Directions :: A word-for-word reproduction of the data below is needed, with no pictures in it.

Recorded data ::
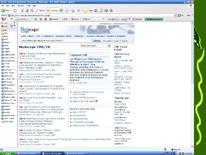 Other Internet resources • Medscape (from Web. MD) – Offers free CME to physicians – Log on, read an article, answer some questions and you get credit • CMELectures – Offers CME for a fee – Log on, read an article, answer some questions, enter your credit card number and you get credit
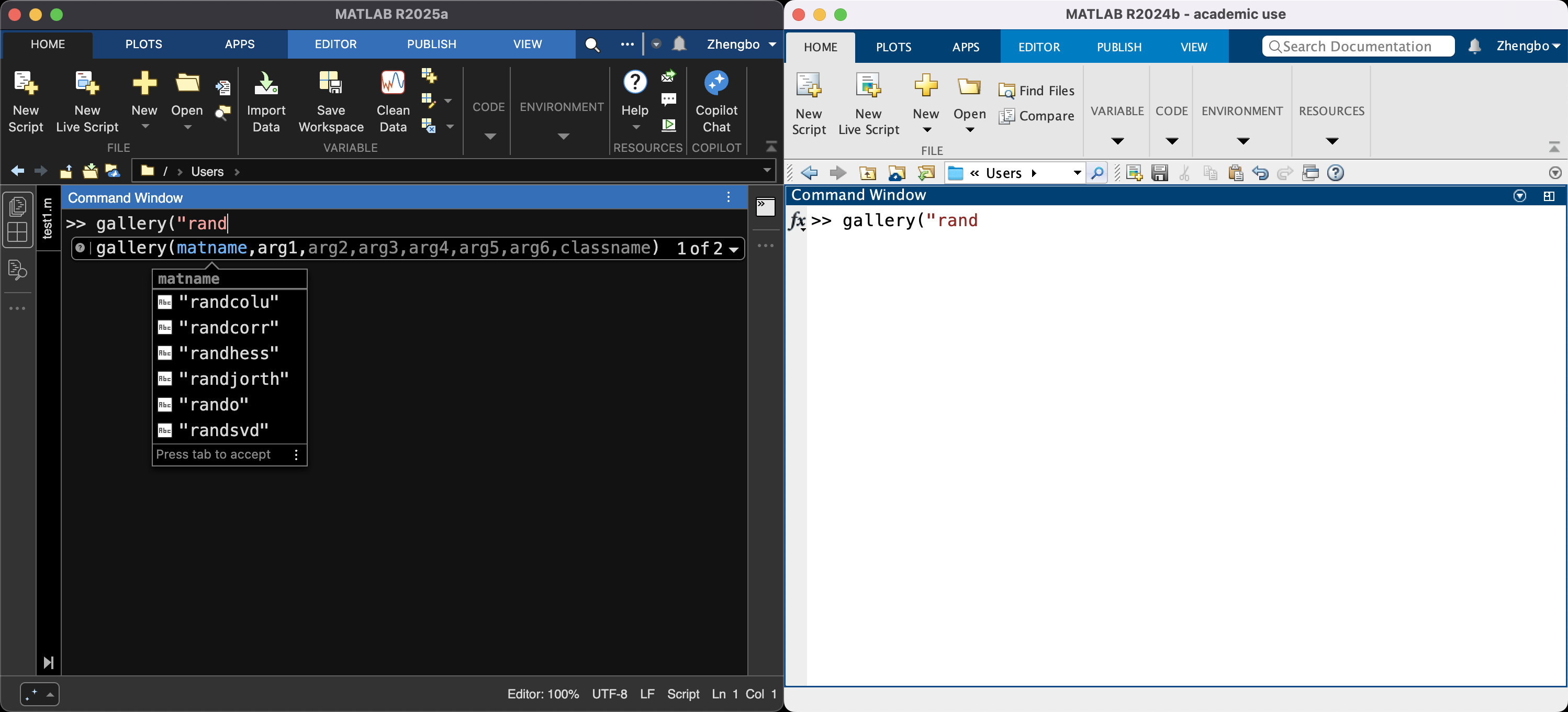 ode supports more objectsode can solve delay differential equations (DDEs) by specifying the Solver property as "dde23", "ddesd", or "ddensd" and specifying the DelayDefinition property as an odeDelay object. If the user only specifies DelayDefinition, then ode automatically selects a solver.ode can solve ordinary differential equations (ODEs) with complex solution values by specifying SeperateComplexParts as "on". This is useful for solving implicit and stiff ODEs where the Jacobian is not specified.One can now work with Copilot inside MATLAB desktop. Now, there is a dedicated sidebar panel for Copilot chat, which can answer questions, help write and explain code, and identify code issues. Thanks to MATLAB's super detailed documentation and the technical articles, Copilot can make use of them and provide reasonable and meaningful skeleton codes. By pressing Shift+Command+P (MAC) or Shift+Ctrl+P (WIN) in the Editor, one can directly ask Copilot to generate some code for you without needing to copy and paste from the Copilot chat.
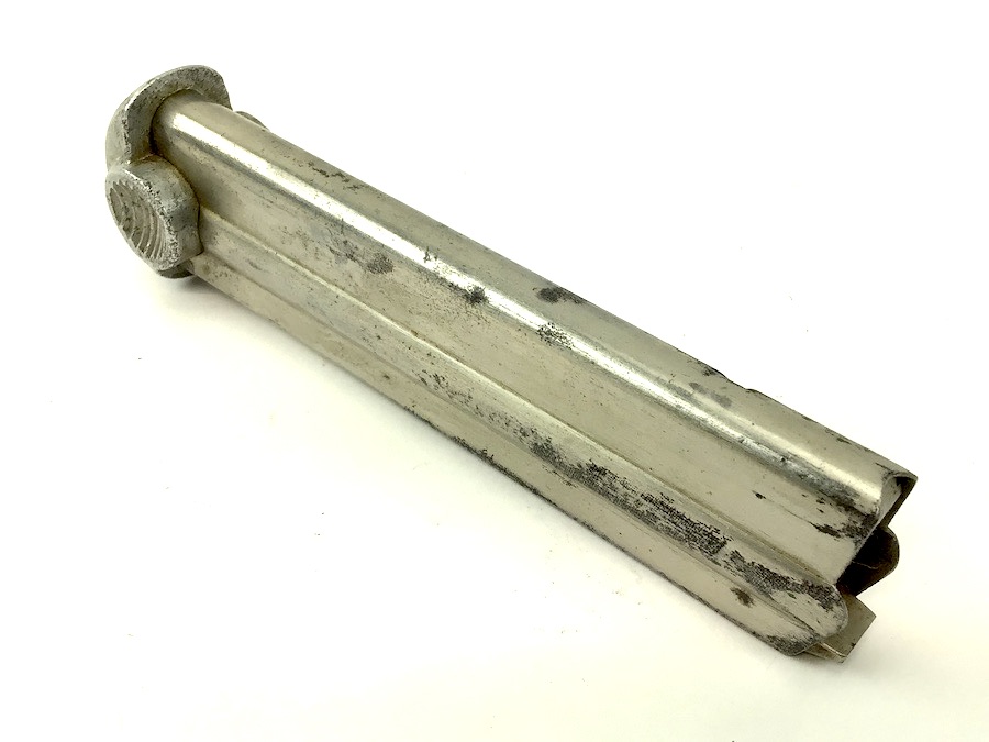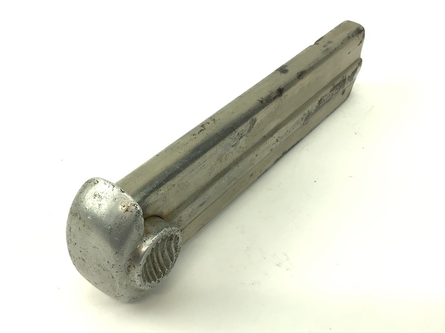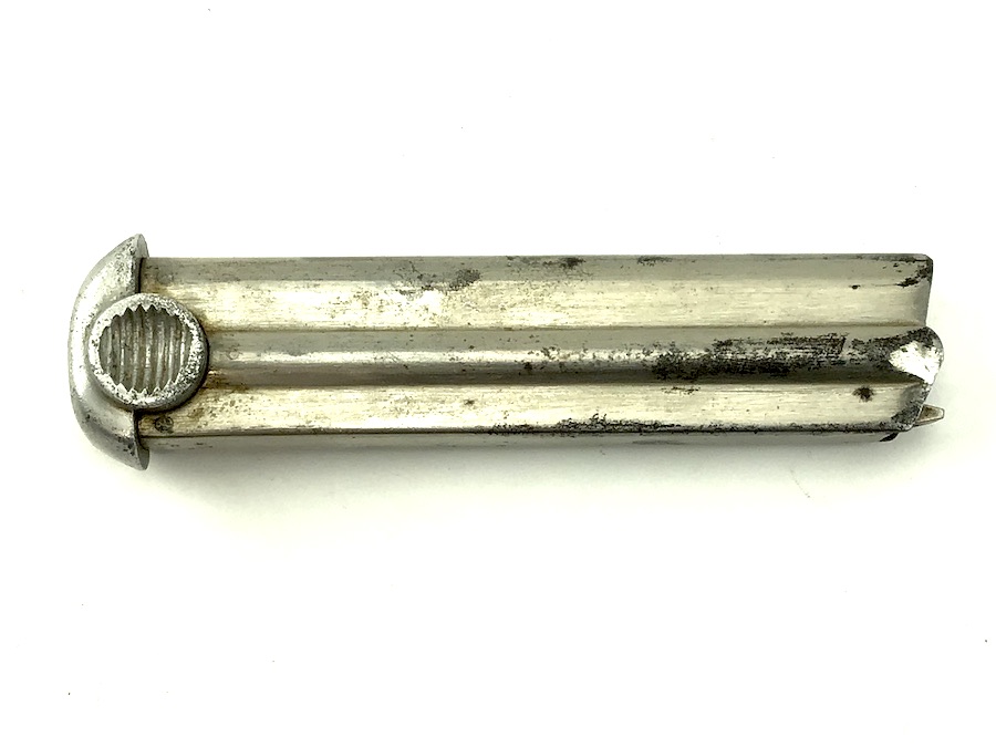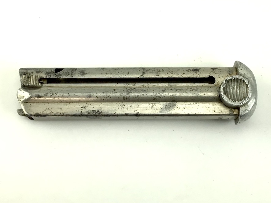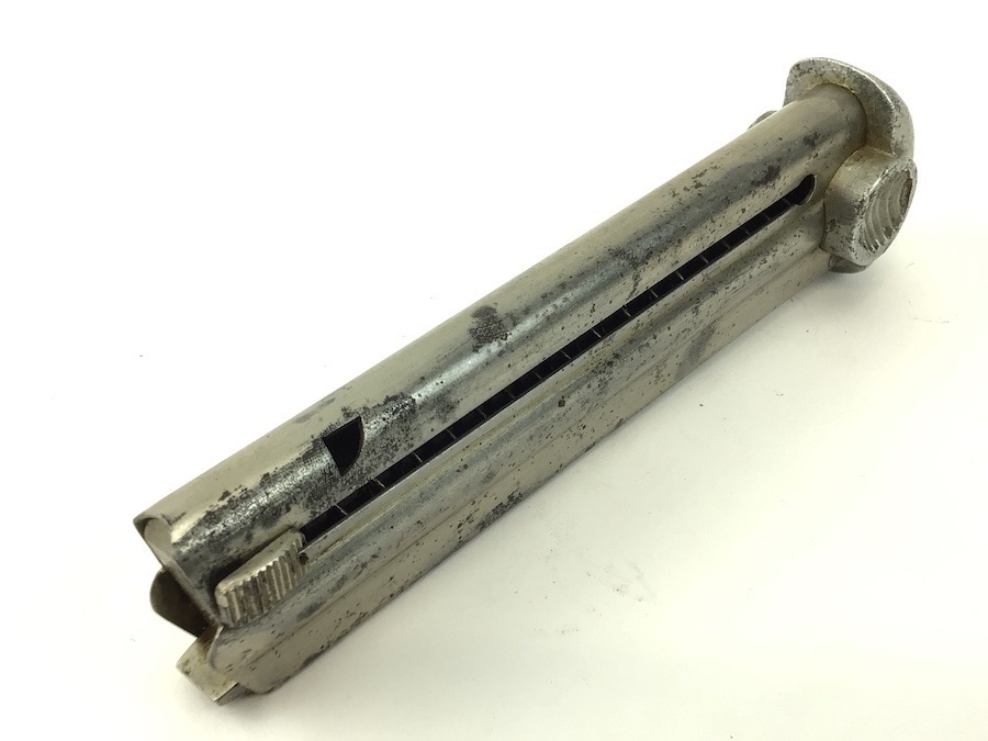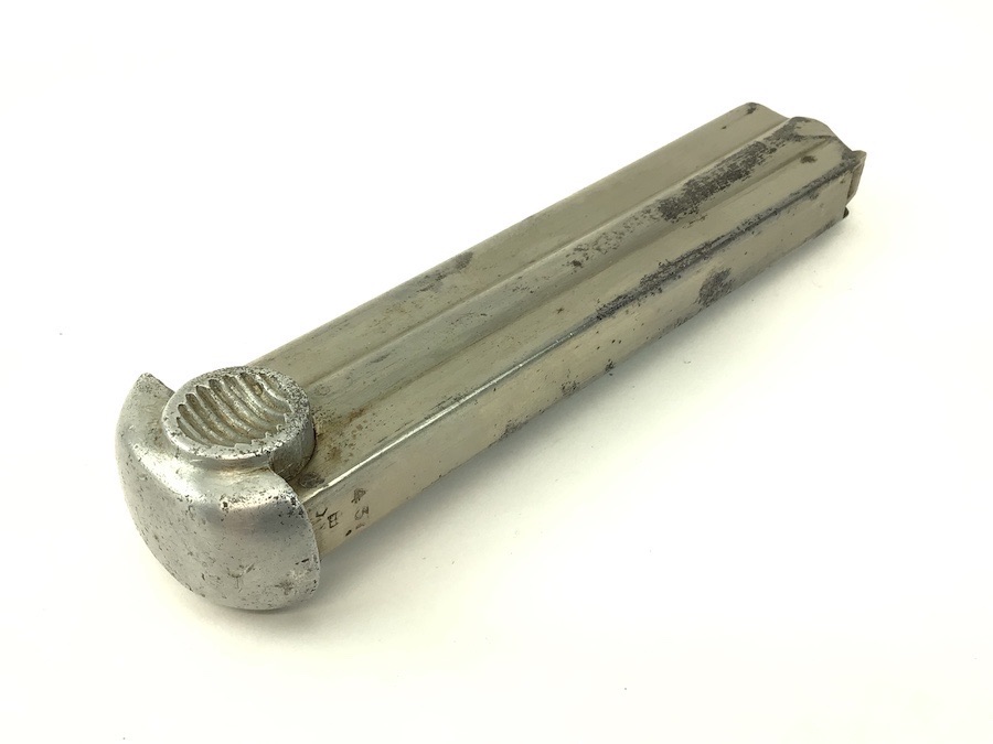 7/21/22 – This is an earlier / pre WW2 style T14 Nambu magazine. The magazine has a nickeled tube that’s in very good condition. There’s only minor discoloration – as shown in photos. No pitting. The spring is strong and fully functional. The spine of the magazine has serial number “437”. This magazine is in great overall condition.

Your solution ::
 Other Internet resources • Medscape (from Web. MD) – Offers free CME to physicians – Log on, read an article, answer some questions and you get credit • CMELectures – Offers CME for a fee – Log on, read an article, answer some questions, enter your credit card number and you get credit
 ode supports more objectsode can solve delay differential equations (DDEs) by specifying the Solver property as "dde23", "ddesd", or "ddensd" and specifying the DelayDefinition property as an odeDelay object. If the user only specifies DelayDefinition, then ode automatically selects a solver.ode can solve ordinary differential equations (ODEs) with complex solution values by specifying SeperateComplexParts as "on". This is useful for solving implicit and stiff ODEs where the Jacobian is not specified.One can now work with Copilot inside MATLAB desktop. Now, there is a dedicated sidebar panel for Copilot chat, which can answer questions, help write and explain code, and identify code issues. Thanks to MATLAB's super detailed documentation and the technical articles, Copilot can make use of them and provide reasonable and meaningful skeleton codes. By pressing Shift+Command+P (MAC) or Shift+Ctrl+P (WIN) in the Editor, one can directly ask Copilot to generate some code for you without needing to copy and paste from the Copilot chat.
 7/21/22 – This is an earlier / pre WW2 style T14 Nambu magazine. The magazine has a nickeled tube that’s in very good condition. There’s only minor discoloration – as shown in photos. No pitting. The spring is strong and fully functional. The spine of the magazine has serial number “437”. This magazine is in great overall condition.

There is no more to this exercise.